Objective: To investigate whether EGFR inhibitor AG1478 combined with celecoxib could enhance the inhibitive effects on the growth of gastric cancer cells.
Methods: Human gastric cancer cell line SGC-7901 was cultured and treated with different concentration of AG1478 and celecoxib, the proliferation of SGC-7901 cells was determined by MTT. The expression of proliferation cell nuclear antigen (PCNA) of SGC-7901 cells was detected by immunocytochemistry. ERK and p-ERK expression were determined by immunoblot. The TdT-mediated dUTP nick end labeling (TUNEL) assay was used to detect apoptosis.
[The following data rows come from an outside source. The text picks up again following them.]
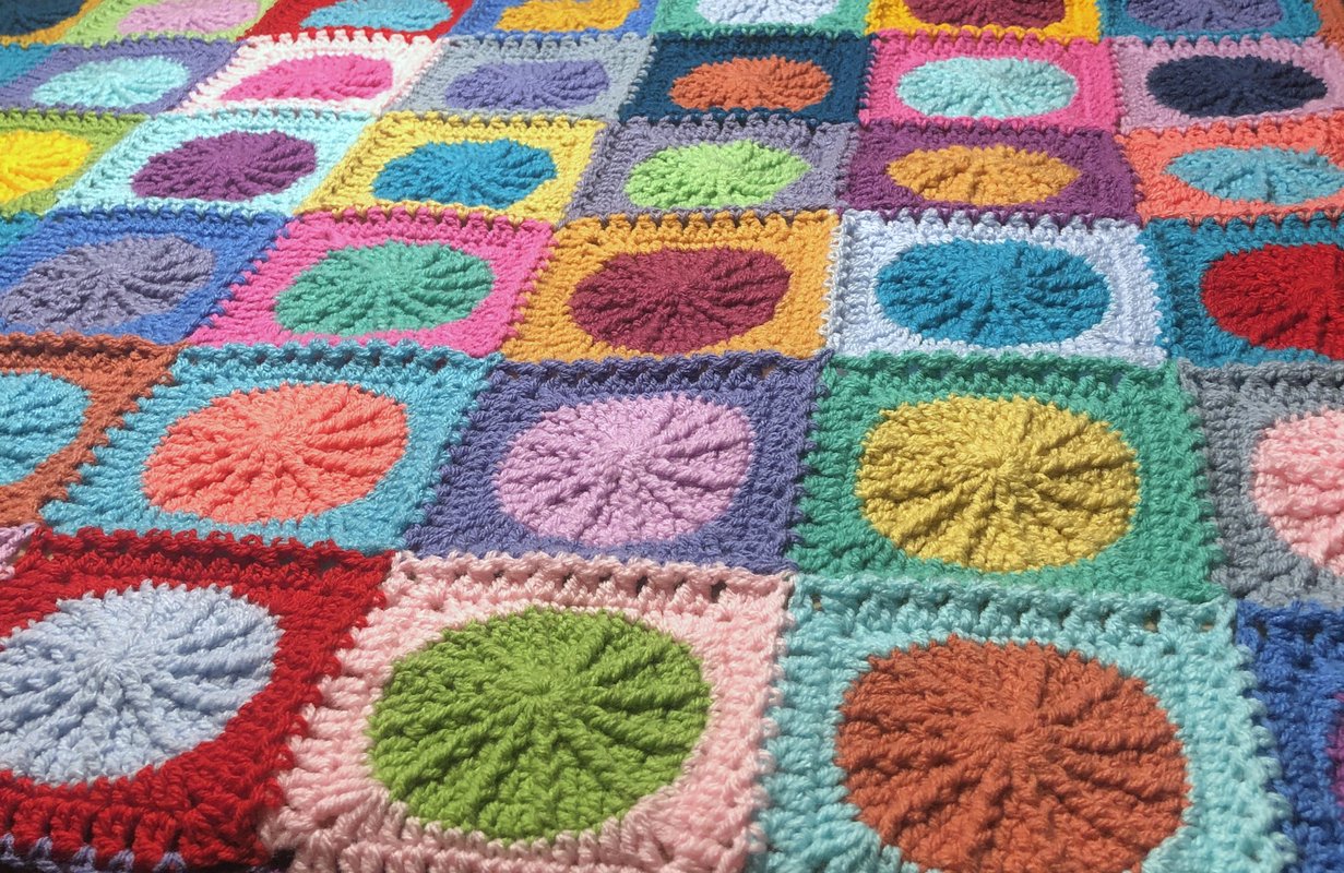 Granny-Square-Decke UMBRELLA verdankt ihren Namen den runden Kreisen inmitten der Quadrate, die aussehen wie kleine Cocktail-Schirmchen von oben betrachtet. :-)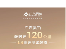 广汽昊铂首获时速120公里的L3高速测试牌照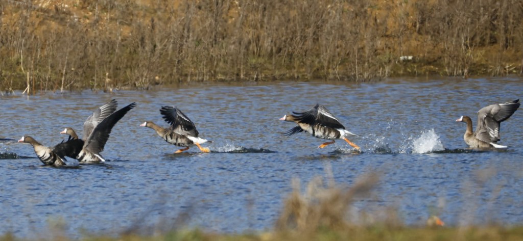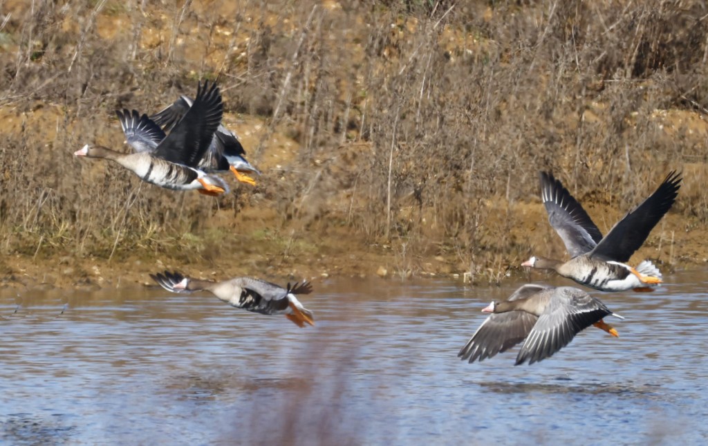 Before the first of these though, the usual scattering of wildfowl served as a reminder that we’re not quite done with winter, yet. All present and correct, then, were the geese we have been lucky to pull in and retain over the past few months, starting with the Pink-footed Goose with Greylags in the Cogenhoe Mill/Earls Barton GP area, which saw another week out there, along with the seven White-fronted Geese – the latter still present on 7th. The two longest staying Whitefronts also remained at Ravensthorpe Res until at least 5th.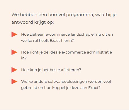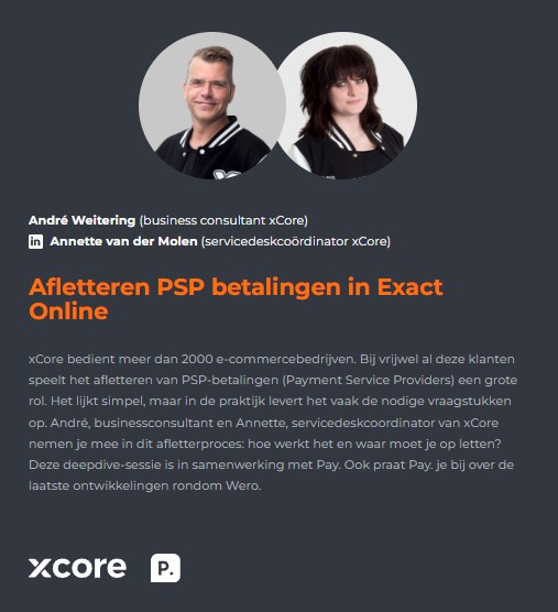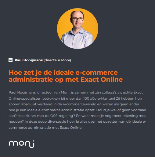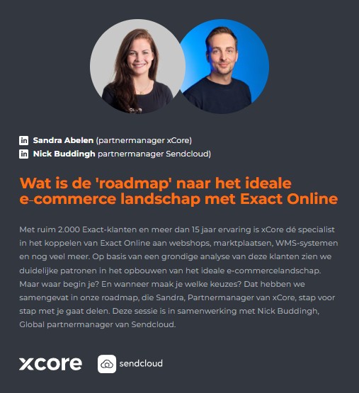 Deze bijzondere sessie, Exact Meets E-commerce, wordt georganiseerd door de Exact Online Vereniging én xCore en is nét even anders dan je wellicht gewend bent. Tijdens deze sessie word je meegenomen in de wereld van e-commerce. Met diepgaande sessies over het opzetten van de ideale Exact-administratie tot hoe je het beste kunt afletteren. Daarom is deze bijeenkomst exclusief bedoeld voor Exact Online-specialisten, accountancykantoren en administratiekantoren.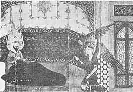 (図は右側の天使ガブリエルから神の啓示を受けるムハンマド)
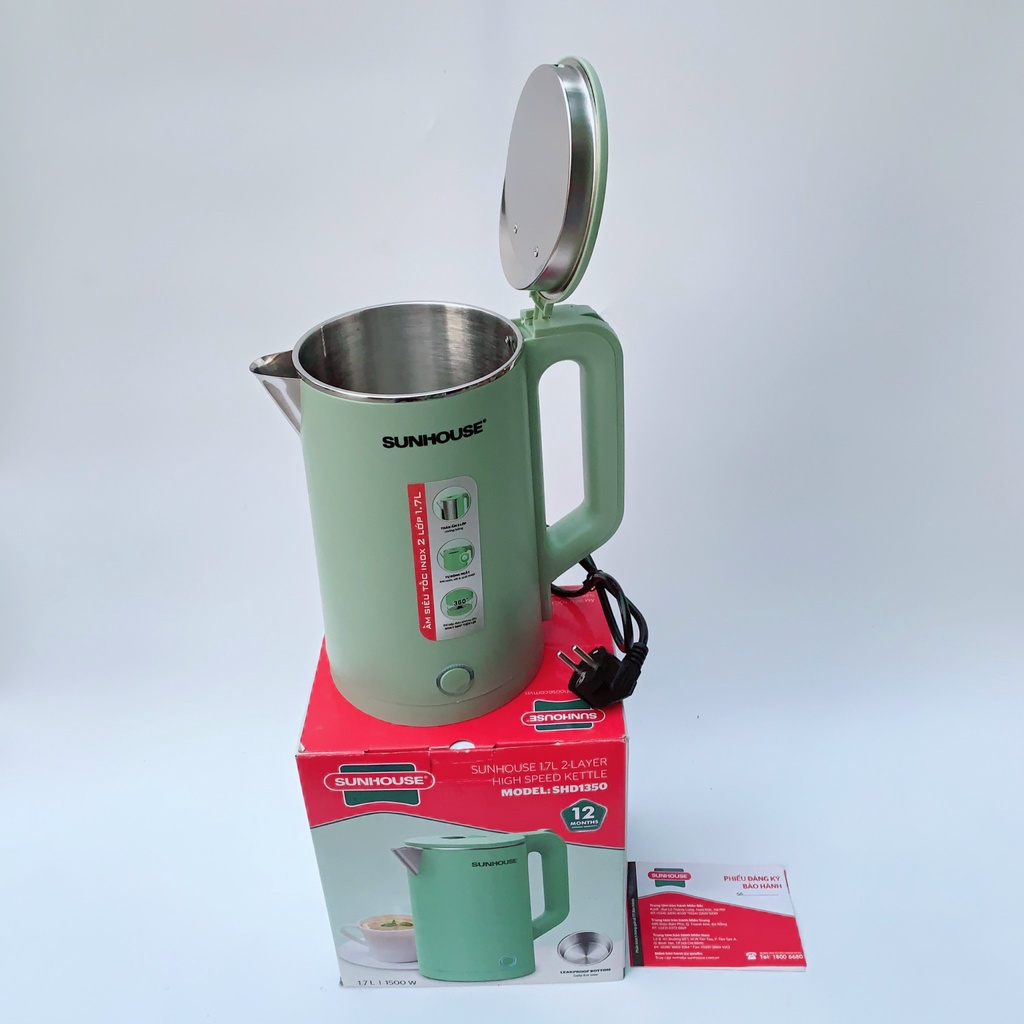[Hàng chính hãng ] Ấm siêu tốc inox 2 lớp 1.7L SUNHOUSE SHD1350 - Sôi Nhanh -Tiết kiệm điện năng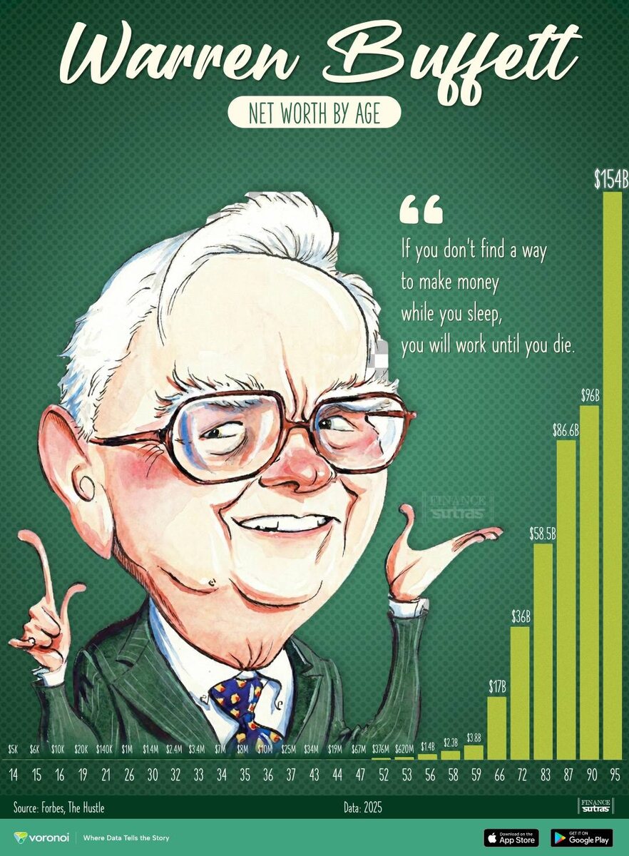 ) На картинке главный смысл простой: большая часть состояния Баффетта выросла уже после 60. Не потому что он нашёл “секретную кнопку”, а потому что деньги любят время. И когда капитал уже большой, рост становится заметным. Но, конечно, есть нюанс. До 60 он не был “обычным парнем”. Он уже был очень богатым, просто не на уровне “сотни миллиардов”. Плюс такие графики - это примерная оценка, а не выписка по счету. Плюс есть еще один интересный момент. История “просто держи и жди” работает, если по дороге не прилетит чёрный лебедь: одна крупная ошибка, слишком высокий риск, ставка “все деньги в одну компанию”. И долгий путь может закончиться раньше, чем начнётся магия сложного процента. Какой вывод делаем? Баффетт - это не про “гениальные сделки каждый день”, а про терпение и умение не делать глупостей. Иногда лучший ход - просто не мешать своим деньгам расти. И, конечно, удача не помешает. Без нее мы могли не увидеть того Баффета, которого знаем сейчас. Telegram | YouTube | Все гайды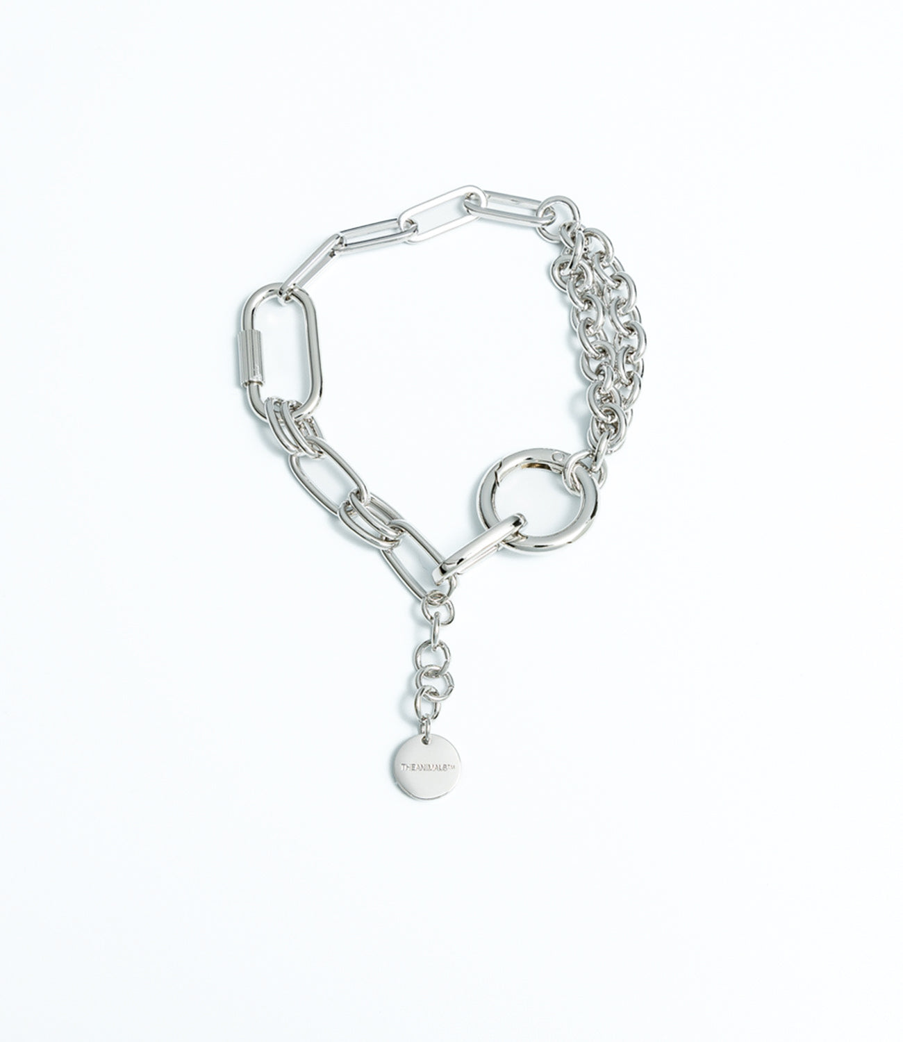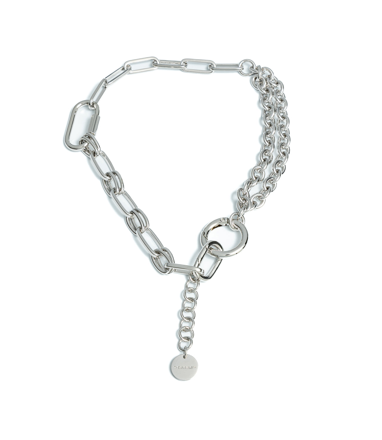 THEANIMALS™ species-fluid Multi Chain Necklace. Available in both 18ct Gold-plated brass and Rhodium. Features interlocking chain links, spring ring and screw closure. Includes extension chain and custom small logo disc. Attach any Charmes from our range. Packaged with branded dust bag and box.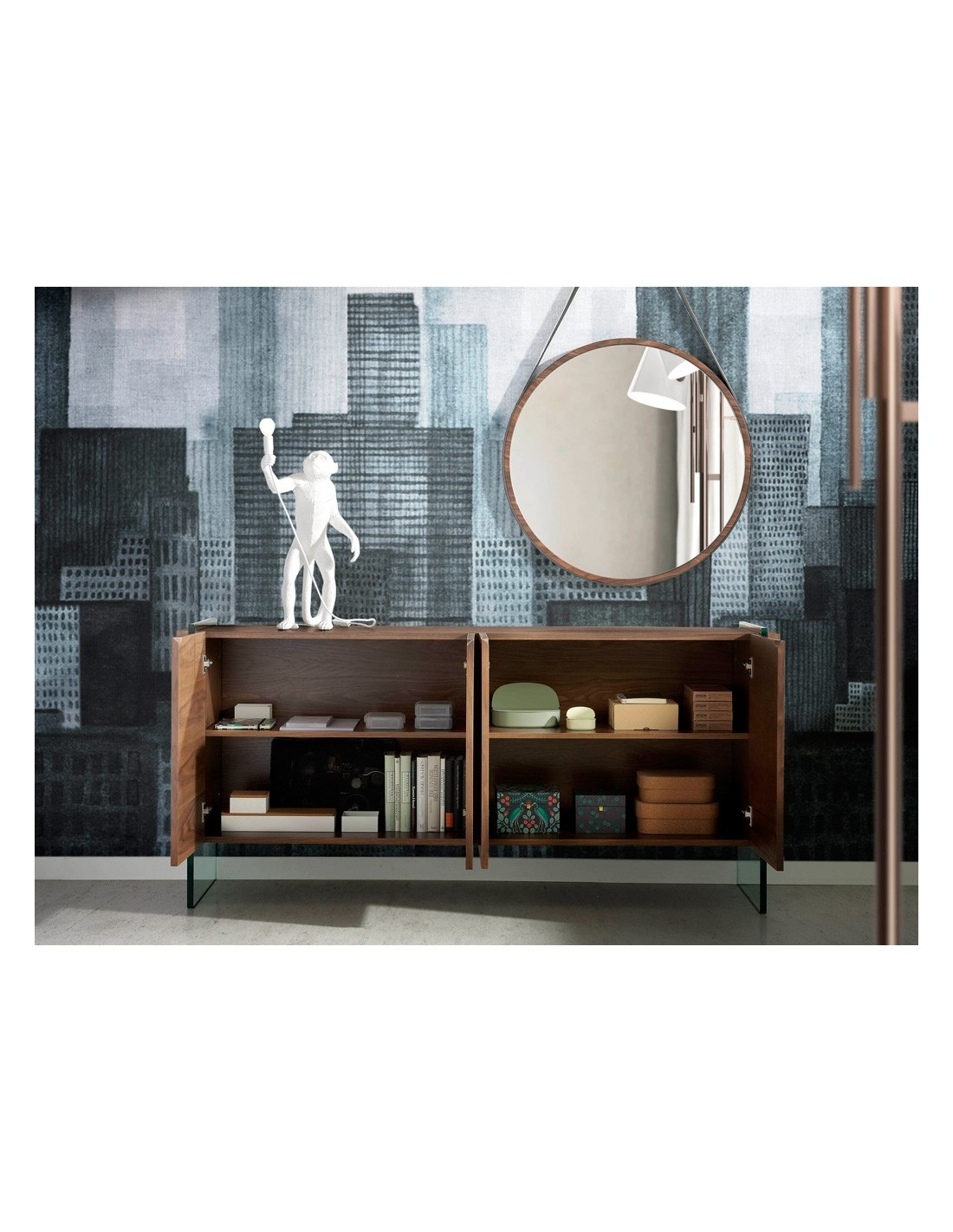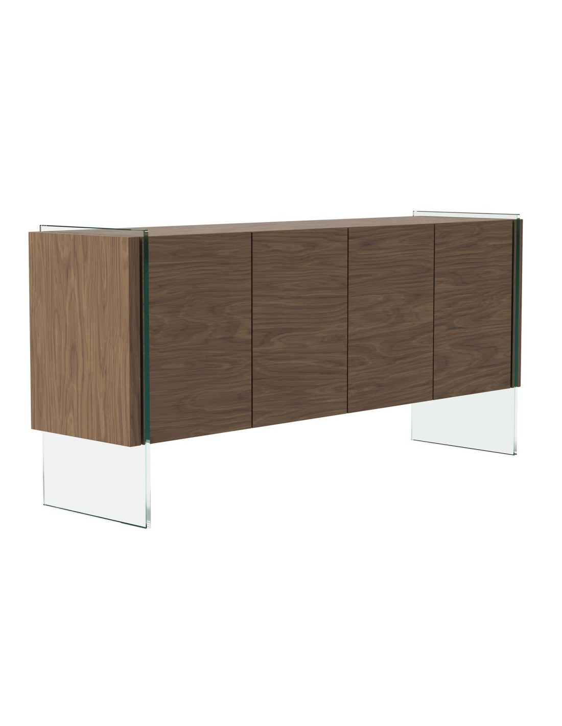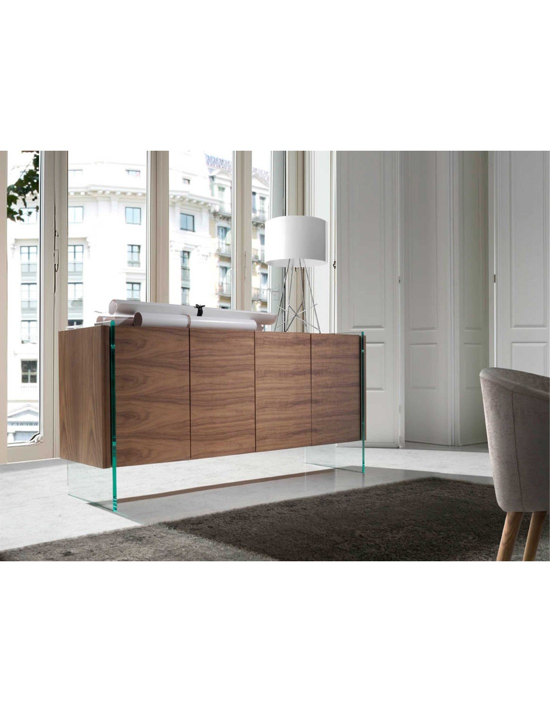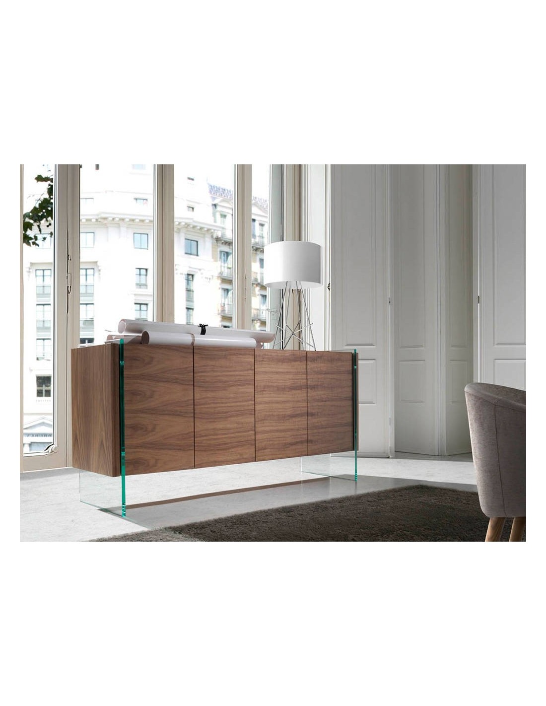 Aparador nogal y cristal templado Aparador de diseño moderno con estructura de madera chapada en nogal natural y unas originales patas de cristal templado. Cuenta con un amplio espacio de almacenaje con 4 puertas con sistema de apertura uñero y cierre soft-closing. Medidas del producto: 170 x 43 x 77 cm.- Un aparador elegante y sofisticado de madera chapada en nogal natural de 0,5 mm de espesor con el que conseguirá el toque de modernidad y calidez que busca para su salón o comedor. - El acabado de sus patas en cristal templado creará una mayor sensación de luminosidad, a la vez que de mayor calidez. - Por su diseño de líneas rectas, aportará un aire de calma y calidez a cualquier estancia. - Gracias a sus baldas de madera, podrá disfrutar de un amplio espacio para guardar su vajilla o menaje de mesa. - Práctico y funcional, gracias a su espacio de almacenaje podrá mantener todo en su sitio, eliminando ruido visual en su salón o comedor.

Results: When SGC-7901 cells was treated with AG1478 or celecoxib alone, cell growth was only inhibited by high concentration of the two agents (10, 100 micromol/L) significantly, the IC50 of AG1478 and celecoxib were 69.69 micromol/L and 70.98 micromol/L respectively. Compared with AG1478 or celecoxib alone, combination of AG1478 and celecoxib at different doses significantly enhanced the inhibitive effects on cell growth (P < 0.01). Compared with control (56. 55%), the expression of PCNA was decreased in the cells treated with AG1478, celecoxib and the combination of these two agents, PCNA indeices were 26.24%, 38.16%, and 9.08%, respectively (P < 0.01). AG1478 induced cell apoptosis at 10 micromol/L, the rate was 7.88% vs. 3.54% in control (P < 0.01), and the combination of AG1478 with celecoxib showed an enhanced effect, the apoptosis rate was 14.90%. There were no any effects on ERK expression with the treatments of either AG1478, celecoxib alone or toghether, but the phospholation of ERK was decreased by AG1478 (P < 0.01).
Conclusion: AG1478 combined with celecoxib results in enhanced inhibitive effect on the growth of SGC-7901, which may partly due to the suppression of ERK phospholation.